Several architectures for big data analytics in IoT applications have been proposed. The authors of [3] provide a related review and propose an architecture where the data collected by sensors are stored in cloud databases, allowing large-scale data analytics methods to operate on them, using cluster computing frameworks, such as Apache Spark [13] and Hadoop [14]. The authors of [15] propose a framework for off-line and on-line analysis of IoT data of large volume and velocity, by computing model parameters off-line and using them for real-time analysis. The authors of [16] propose a 4-tier architecture, covering data generation by sensors, communication between sensors and gateways, data analysis using cluster computing, and finally data interpretation by human operators. Most big data analytics architectures in the IoT domain are concerned with handling the large volume and velocity of the produced data, without addressing the variety and heterogeneity in their semantics.
2.2 Semantic Interoperability
There is a large number of IoT platforms for managing devices and data, each using a different ontology to describe its semantics [17]. The SSN (Semantic Sensor Network) ontology [18] describes sensors in terms of their functionalities, measurements and deployments, although it has limitations regarding real-time data collection. The oneM2M ontology [19] has been supported by IoT standardization bodies, although it also has limitations in terms of contextual data annotation. The IoTivity platform [20] is based on the models of the Open Connectivity Foundation (OCF) [21], which aims at providing a common framework for communication among IoT devices and gateways. The OpenIoT ontology [22], utilized by the OPENIoT platform [23], is based on the SSN ontology and adds concepts related to IoT applications and testbeds. The IoT-Lite ontology [24], used by the FIWARE platform [25], is a recent attempt to collect existing concepts of the IoT domain in a common ontology. Ad-hoc data models have also been built for the purposes of various existing open-source IoT platforms, including sensiNact [26], universAAL [27], Sofia2 [28] and SENIORSome [29].
This abundance of IoT ontologies creates interoperability issues in large-scale applications, where IoT platforms with different ontologies must cooperate. Semantic interoperability ensures that all components have a common understanding of the meaning of the information being exchanged [30]. Attempts have been made to promote semantic interoperability by unifying existing ontologies. The SAREF (Smart Appliance REFerence) ontology [31] is such an attempt, unifying concepts from several ontologies in the smart appliances domain, in order to cover larger applications. The authors of [32] use the ontology interconnection methodology of [33], in order to unify existing ontologies in the IoT domain, within the context of the FIESTA-IoT European project [34].
The above review suggests that architectures for big data analytics in IoT systems do exist, but they focus on handling the large data volume and velocity, without addressing the heterogeneity of the available data models. Attempts to address heterogeneity are being made, but they are not targeted to providing a basis for large-scale data analytics methods. The current paper aims to contribute to this direction, by proposing an architecture for large-scale IoT data analytics, based on semantic interoperability across diverse IoT platforms.

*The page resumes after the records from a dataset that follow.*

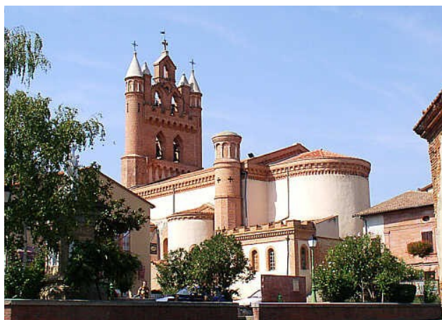
LAGARDELLE : L'ÉGLISE

Il fallait aller se rendre compte ! En route donc, en cette fin octobre, vers Lagardelle sur Lèze au sud de Toulouse.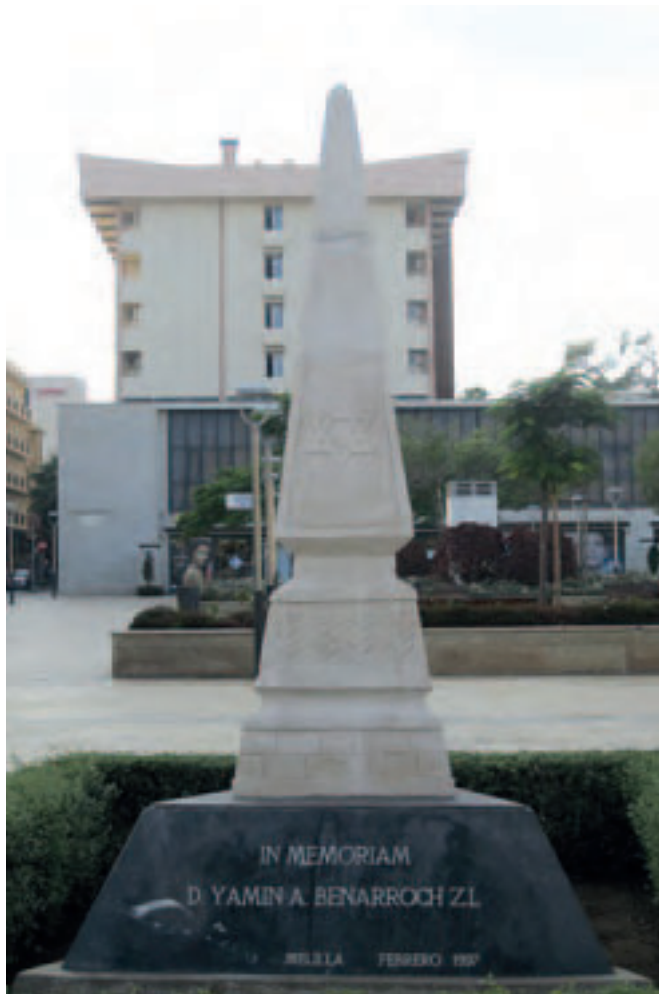
(Figura 12) Monolito homenaje al Sr. Benarroch (SGA).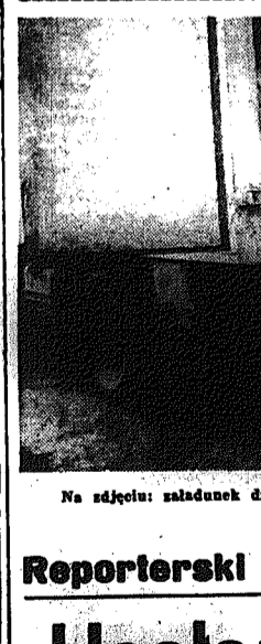
Na zdjęciu: saladunek drobnego pieczywa do samochodu.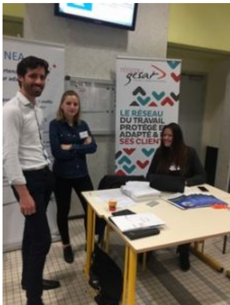
Espace d'exposition du GESAT et son équipe

peuvent répondre à nos besoins à court et moyen terme. De plus, face à la transformation numérique, il est intéressant de s'informer sur les atouts de cette économie du double point de vue de ses capacités d'innovation et d'adaptation aussi bien techniques que sociales et sociétales. »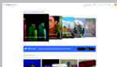
Google Arts and Culture https://artsandculture.google.com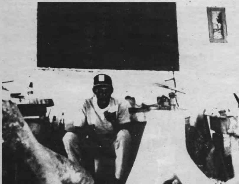
Meestal zijn de granja's abiertas boerderijen zonder omheining die midden in bossen of velden zijn gelegen. De constructie en inrichting van deze boerderijen zijn zeer eenvoudig.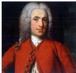
Carl von Linné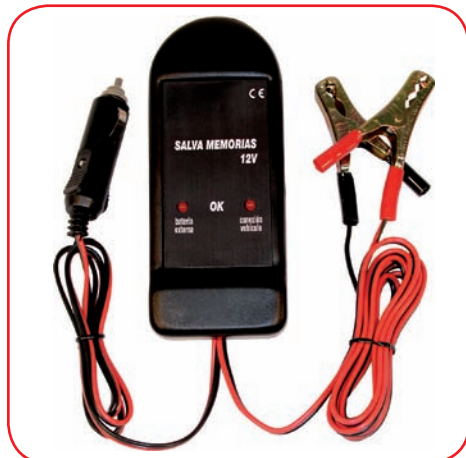
Salva memorie - 12 V / Memory Save - 12 V cod.LH9180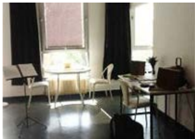
Intérieur du Studio du Québec à Paris.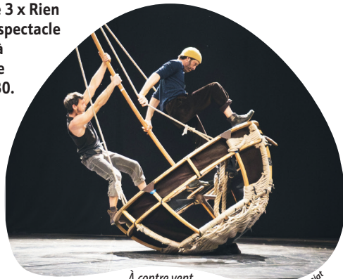
À contre vent

Deux regards, deux destins, une seule voie... Ils ont décidé de partir... Partir, c'est suivre le murmure du vent, ce souffle qui les pousse vers des horizons incertains où chaque lieu devient une nouvelle toile. L'exil, non pas une fin, mais une renaissance sous des cieux différents... On ne sait pas d'où ils viennent, ni où ils vont. Ce que nous savons, c'est qu'ils ont entrepris ce voyage ensemble, déterminés à avancer. Une danse vers l'inconnu... Sur scène, le duo d'acrobates touche du doigt l'équilibre fragile et puissant qui lie deux personnes. À travers cette quête commune vers l'inconnu, les circassiens mettent en exergue le caractère essentiel de la solidarité et de la fraternité. À contre vent apparaît donc comme une fable onirique où les personnages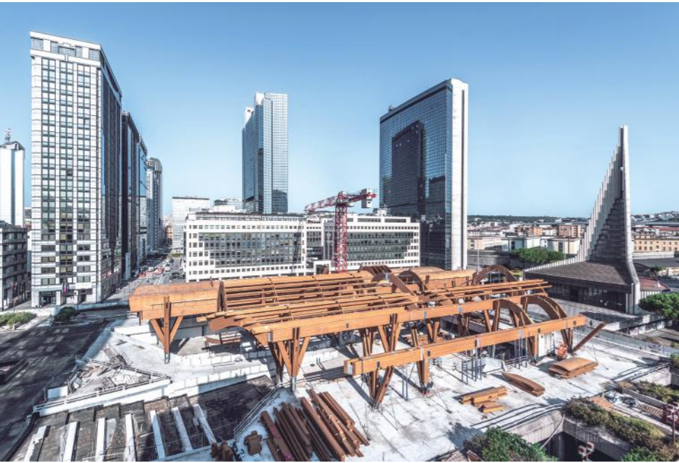
Foto: Estación Central de Nápoles. Nápoles, Italia. En construcción

Primero que nada, defínanos ¿qué es para usted la arquitectura?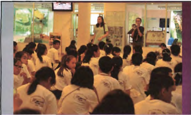
โครงการอนุรักษ์พันธุกรรมพืชอันเนื่องมาจากพระราชดำริ สมเด็จพระเทพรัตนราชสุดาฯ สยามบรมราชกุมารี ค่ายเยาวชน ความหลากหลายทางชีวภาพและการอนุรักษ์ทรัพยากรธรรมชาติระหว่างวันที่ 26 - 31 มีนาคม 2556 นิเวศวิทยาสัตว์ในสภาพพื้นที่เพาะเลี้ยง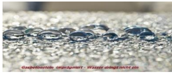
Wasser dringt nicht ein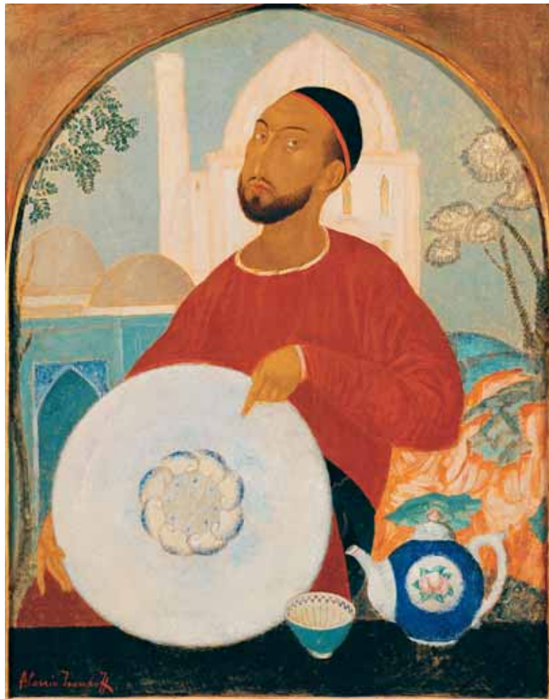
Продавец фарфора 1921 Дерево, темпера 80 × 65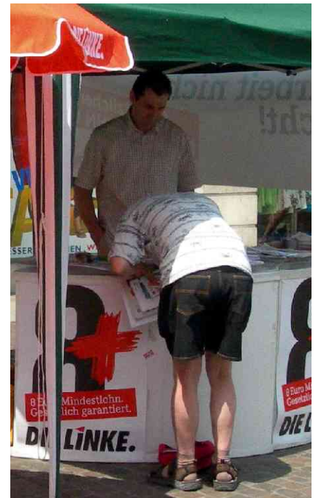
Unterschriften für Mindestlohn

Die Mitglieder und Vorstände wollen die Kooperation der beiden Würzburger Kreisverbände noch weiter verstärken.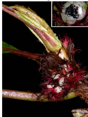
69 Paradyrmonia metamorphophylla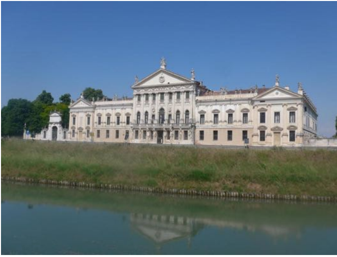
Villa Palladienne au bord du canal de BRENTA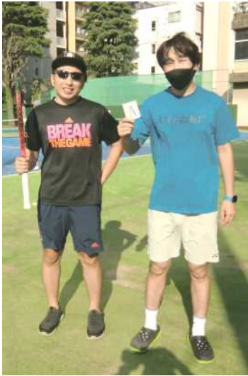
Aリーグ優勝 石島・大菌 (個人)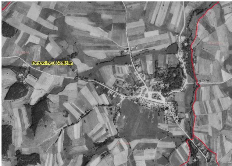
Obrázek 4 – Historický snímek krajiny v okolí obce Petrovice u Sedlčan z roku 1953 Převzato z online archivu Zeměměřického úřadu, dostupné na https://ags.cuzk.cz/archiv/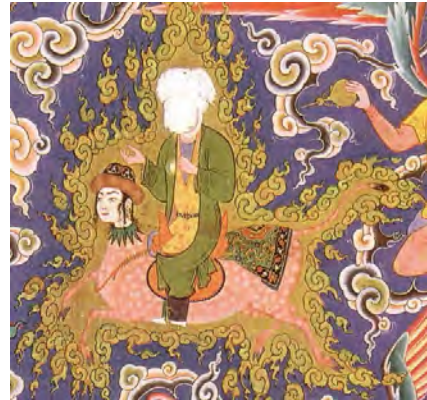
تصویر ۳: توصیف براق (بخشی از تصویر شماره ۱)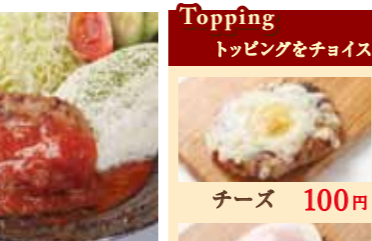
(スープ付) イタリアンハンバーグ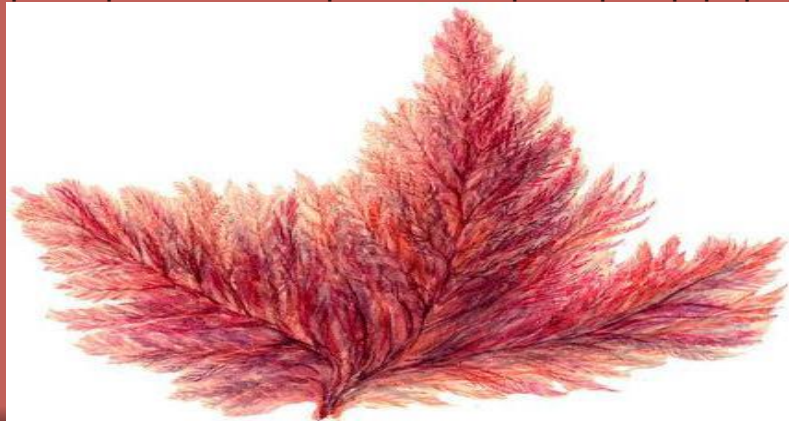
Красные водоросли. Каллитамнион (Callithamnion).

Красные водоросли обитают преимущественно в морях (часто на большей глубине, чем зелёные и бурые водоросли, что обусловлено присутствием фикоэритрина, способного, по-видимому, использовать для фотосинтеза зелёные и синие лучи, проникающие глубже других в воду), меньше в пресных водах и почве. Ископаемые красные водоросли найдены в отложениях мелового периода. Наибольшее практическое значение имеют анфельция, гелидиум, филлофора, фурцеллярия, дающие студнеобразующие вещества — агар-агар, агароид, карраген. Некоторые красные водоросли, например порфира, употребляются в пищу.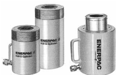
センターホールジャッキ単動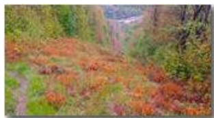
Danni al bosco dopo una tardiva gelata in aprile

Pietro Marcheselli - Altro/Other 2017 - Inverno - Savignone - Altro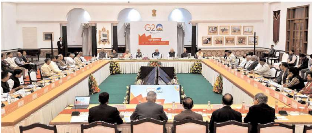
ఢిల్లీలో రాష్ట్రపతి భవన్ లో సోమవారం ప్రధాని నరేంద్ర మోడీ అధ్యక్షతన జే 20 సదస్సుపై జరిగిన అఖిలపక్ష సమావేశం

3 The ACTIVAGE Data Analytics Architecture
The proposed architecture for large-scale data analytics is depicted in Fig. 1b. It is based on the structure of existing IoT frameworks, as depicted in Fig. 1a, forming a stack of layers ranging from the IoT devices at the bottom, towards data analytics and visualization at the top. However, instead of a single IoT platform to handle the devices at the bottom, there are now many platforms, each operating separately, with its own devices, data storage and component semantics. The following IoT platforms are considered in ACTIVAGE, although any number of platforms is supported: FIWARE [25], sensiNact [26], universAAL [27], IoTivity [20], Sofia2 [28], SENIORSome [29] and OPENIoT [23]. The next layer is the Semantic Interoperability Layer (SIL), which unifies the ontologies of the IoT platforms and offers common semantics for their components. The presence of the SIL eliminates any issues of compatibility between inter-platform hardware and software, as each platform manages its own hardware and software, in order to collect data. Interoperability in ACTIVAGE happens in a conceptual level, by ensuring the compatibility between different data representations, using the SIL semantic mappings. Above the SIL is the Data Lake, which, through its Data Integration Engine, directs the queries coming from the upper layers towards the SIL and collects the data retrieved from the IoT platforms. The Data Lake also contains a Metadata Storage component, for storing metadata (models, etc.) produced and needed by the data analytics methods. The Data Lake components are cloud-based, offering Web APIs for their usage. Based on the infrastructure of the SIL and the Data Lake, the top layers, data analytics and information visualization, can operate, extracting patterns and producing visualizations through Web APIs and graphical interfaces.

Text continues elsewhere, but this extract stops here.